Around 15 years ago, a student from India started his own company in Silicon Valley. He was a college dropout and academics were not his strong suit. Nonetheless, he and two friends worked hard on their business idea and were convinced they'd have each other's backs come what may. They were ready to hit the big time, sure that their idea would revolutionise the startup community. Yet, a year later things had changed. The idea no longer seemed to be a surefire winner and the friendship between the three had developed cracks that could not heal. Since they had not thought to get legal papers sorted, the partners bailed from the company with plenty of equity that they claimed was theirs. The boy felt cheated because he was the one who had built the lion's share of the company but was now left with one one-third stake. He had no option but to discontinue the company he was really passionate about. For him, it was hell on earth.
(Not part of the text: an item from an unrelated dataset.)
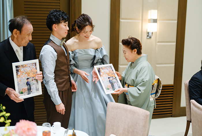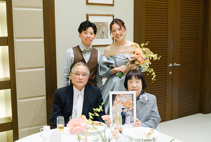 ゲストの皆さんからも「本当に素敵な式だったよ!」とたくさんお声をいただきました。特に、祖父母への写真のプレゼントはとても喜んでもらえて、すぐに飾ってくれていたのが何より嬉しかったです。

Getting the legalities in place is as important as any other strategy—leave it for too late and you could lose your entire company in a flash.
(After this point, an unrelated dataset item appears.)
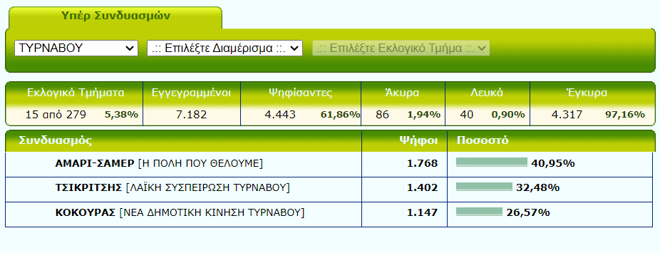Επικράτηση με σημαντική διαφορά για τον Σάμερ Αθανάσιο Αμάρι δείχνουν τα μέχρι τώρα αποτελέσματα για τον Δήμο Τυρνάβου.

Take the above story very seriously as such incidents happen more often than you may think in startups. Getting the legalities in place is as important as any other strategy—leave it for too late and you could lose your entire company in a flash. Remember how Steve Jobs was removed from his own company? Or how Facebook co-founder Eduardo Saverin's stake was diluted to nothing? These are just some examples of the types of sticky situations that could lead to the undoing of a startup or its founder(s). Before you register your company, make sure you are well aware of the top five reasons why startups fail.
1. Battles over equity
When co-founders start fighting over equity, it often spells doom. We have seen many startups that got a very good response from the market initially but failed within months due to rifts between the founders.
Equity is so important because it determines how much of the company you own. Always remember, more the equity more the ownership. Further, all your hard work, effort, commitment and everything else is on one side and equity is on another. So chose your equity share wisely.
2. No written terms
If it is not documented then it does not exist. In this cruel world, there is no space left for oral agreements or mutual trust. We have seen various founders stabbing their own team members in the back. Where they once passionately exchanged ideas in coffee shops, they now hurl accusations in district courts. Rather than get embroiled in a legal battle later, make sure that each and every term is documented and agreed upon in writing by the founders. The way to go about this is to get a shareholder agreement drafted—it's a necessity. Else your partners may just snatch the company from under your nose.
3. Lack of commitment
A startup is not a one-person show—it is the outcome of a collective effort by a team. Just like in cricket, no one player can be credited for every aspect of a victory. It is the team that runs and makes a startup successful.
Where founders once passionately exchanged ideas in coffee shops, they now hurl accusations in district courts.
While every founder may not put in the same amount of hard work as the other, it is essential for each of them to be equally committed to the company. If that's not the case, then a less committed founder may be more likely to quit if the going gets tough. They may start looking for other opportunities, leaving the startup in the lurch. This creates rifts between the founders and may result in the startup itself falling apart.
As Mahatma Gandhi once said, "The world has enough for everyone's need, but not enough for everyone's greed." We have seen good startups fail because some founders see initial success as entirely of their own making. They begin to think that it is they who deserve all the accolades and all the profits. It's a myth—and this kind of greed can be dangerous for the business. The founder may try to increase their stake at the cost of other founders and this ultimately spirals into a crisis situation.
5. Not raising funding at the right time
In many cases, startups raise funding very early, even when they don't need it. This leads to high expenditure and low output and due to this, the startup no longer gets the second round and ultimately fails.